2017-11-18 11:15:25,472::log_utils.py::end_log_task::670::nose::INFO:: 
# add_master_storage_domain: ESC[32mSuccessESC[0m (in 0:01:09)
2017-11-18
11:15:25,472::log_utils.py::start_log_task::655::nose::INFO::  #
add_secondary_storage_domains: ESC[0mESC[0m
2017-11-18 11:16:47,455::log_utils.py::end_log_task::670::nose::INFO:: 
# add_secondary_storage_domains: ESC[32mSuccessESC[0m (in 0:01:21)
2017-11-18
11:16:47,456::log_utils.py::start_log_task::655::nose::INFO::  #
import_templates: ESC[0mESC[0m
2017-11-18 11:16:47,513::testlib.py::stopTest::198::nose::INFO::    *
SKIPPED: Exported domain generation not supported yet
2017-11-18 11:16:47,514::log_utils.py::end_log_task::670::nose::INFO:: 
# import_templates: ESC[32mSuccessESC[0m (in 0:00:00)
2017-11-18
11:16:47,514::log_utils.py::start_log_task::655::nose::INFO::  #
verify_add_all_hosts: ESC[0mESC[0m
2017-11-18
11:16:47,719::testlib.py::assert_equals_within::227::ovirtlago.testlib::ERROR::   
* Unhandled exception in <function <lambda> at 0x2909230>
Traceback (most recent call last):
  File "/usr/lib/python2.7/site-packages/ovirtlago/testlib.py", line
219, in assert_equals_within
    res = func()
  File
"/home/jenkins/workspace/ovirt-master_change-queue-tester/ovirt-system-tests/basic-suite-master/test-scenarios/002_bootstrap.py",
line 430, in <lambda>
    lambda: _all_hosts_up(hosts_service, total_hosts)
  File
"/home/jenkins/workspace/ovirt-master_change-queue-tester/ovirt-system-tests/basic-suite-master/test-scenarios/002_bootstrap.py",
line 129, in _all_hosts_up
    _check_problematic_hosts(hosts_service)
  File
"/home/jenkins/workspace/ovirt-master_change-queue-tester/ovirt-system-tests/basic-suite-master/test-scenarios/002_bootstrap.py",
line 149, in _check_problematic_hosts
    raise RuntimeError(dump_hosts)
RuntimeError: 1 hosts failed installation:
lago-basic-suite-master-host-1: non_operational

2017-11-18
11:16:47,722::utils.py::wrapper::480::lago.utils::DEBUG::Looking for a
workdir
2017-11-18
11:16:47,722::workdir.py::resolve_workdir_path::361::lago.workdir::DEBUG::Checking
if /dev/shm/ost/deployment-basic-suite-master is a workdir
2017-11-18
11:16:47,724::log_utils.py::__enter__::600::lago.prefix::INFO::    *
Collect artifacts: ESC[0mESC[0m
2017-11-18
11:16:47,724::log_utils.py::__enter__::600::lago.prefix::INFO::    *
Collect artifacts: ESC[0mESC[0m

vdsm host0:

2017-11-18 06:14:23,980-0500 INFO  (jsonrpc/0) [vdsm.api] START
getDeviceList(storageType=3,
guids=[u'360014059618895272774e97a2aaf5dd6'], checkStatus=False,
options={}) from=::ffff:192.168.201.4,45636,
flow_id=ed8310a1-a7af-4a67-b351-8ff
364766b8a, task_id=6ced0092-34cd-49f0-aa0f-6aae498af37f (api:46)

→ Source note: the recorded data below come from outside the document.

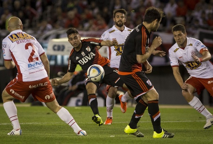 River y Huracán empataron este domingo por la noche 1 a 1 en un partido disputado en el estadio Monumental y correspondiente a la vigésima segunda fecha del torneo de Primera División.El local se puso en ventaja por intermedio de Gonzalo "Pity" Martínez, a los 14 minutos del primer tiempo, mientras que el "Rolfi" Daniel Montenegro logró la igualdad para el "Globo", a los 39 de la misma etapa.En el tanto de "Pity" Martínez había posición adelantada de Carlos Sánchez, que intentó cabecear el balón en la línea, pero el árbitro Saúl Laverni convalidó el gol.Ahora River suma 38 puntos en 21 partidos, frente a los 49 del puntero Boca (con un juego más).Fuente: Noticias Argentinas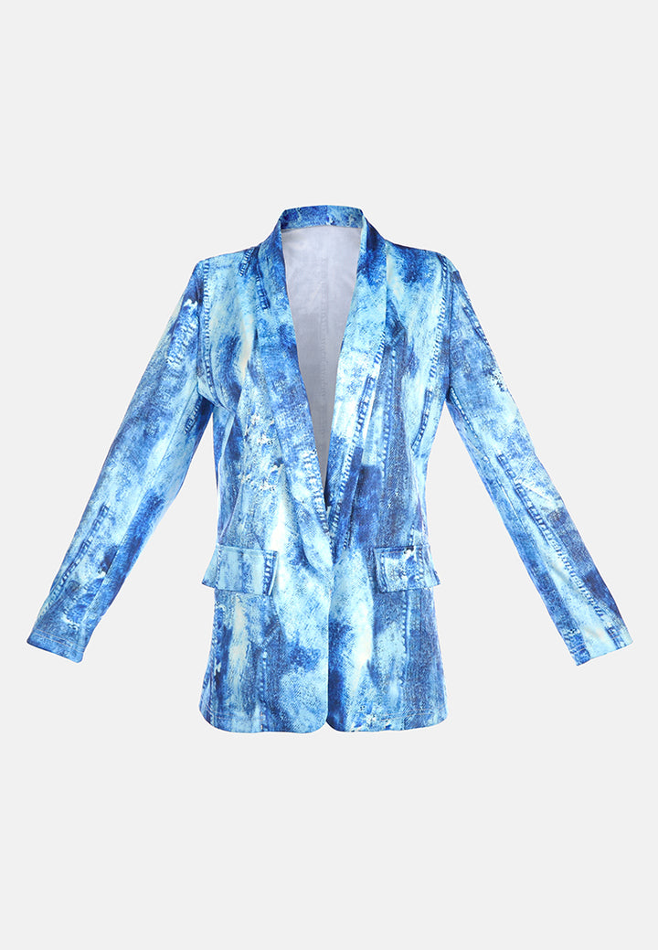 柔軟的皮膚織物上的印刷休閒西裝外套,具有色彩的色彩,並在身體框架上良好。它具有兩個側縫口袋,可增添外觀。無用的休閒風格是針對早午餐日期所需的所有類型的分層。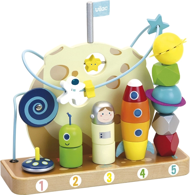 Dette stjernespækkede trælegetøj fra Vilac tager børn med til en intergalaktisk verden, hvor de kan stable planeter, tælle og skubbe stjerner langs en tråd. De gennemtænkte elementer understøtter udvikling af finmotorik, logisk tænkning og farveopfattelse.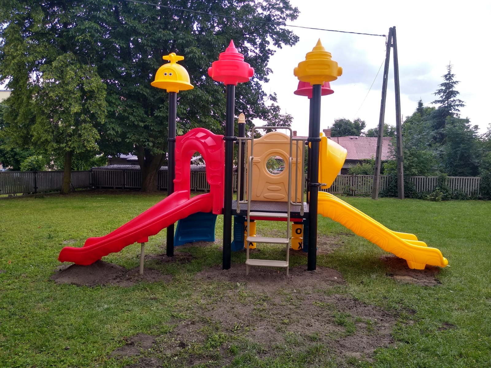 Mały, kolorowy, funkcjonalny plac zabaw HELIKO z dwiema zjeżdżalniami i kocim grzbietem w Pińczowie.

2017-11-18 06:14:24,353-0500 WARN  (jsonrpc/0) [storage.LVM] lvm pvs
failed: 5 [] ['  Failed to find physical volume
"/dev/mapper/360014059618895272774e97a2aaf5dd6".'] (lvm:322)

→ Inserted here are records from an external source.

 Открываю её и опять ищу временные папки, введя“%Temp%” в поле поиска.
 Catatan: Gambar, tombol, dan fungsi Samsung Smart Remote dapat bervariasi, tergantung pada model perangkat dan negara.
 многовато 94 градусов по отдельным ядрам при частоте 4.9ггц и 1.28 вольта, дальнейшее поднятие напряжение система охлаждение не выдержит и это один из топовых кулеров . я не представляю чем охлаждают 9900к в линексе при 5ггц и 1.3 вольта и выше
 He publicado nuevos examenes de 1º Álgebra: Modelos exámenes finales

2017-11-18 06:14:24,353-0500 WARN  (jsonrpc/0) [storage.HSM] getPV
failed for guid: 360014059618895272774e97a2aaf5dd6 (hsm:1973)
Traceback (most recent call last):
  File "/usr/lib/python2.7/site-packages/vdsm/storage/hsm.py", line
1970, in _getDeviceList
    pv = lvm.getPV(guid)
  File "/usr/lib/python2.7/site-packages/vdsm/storage/lvm.py", line 852,
in getPV
    raise se.InaccessiblePhysDev((pvName,))
InaccessiblePhysDev: Multipath cannot access physical device(s):
"devices=(u'360014059618895272774e97a2aaf5dd6',)"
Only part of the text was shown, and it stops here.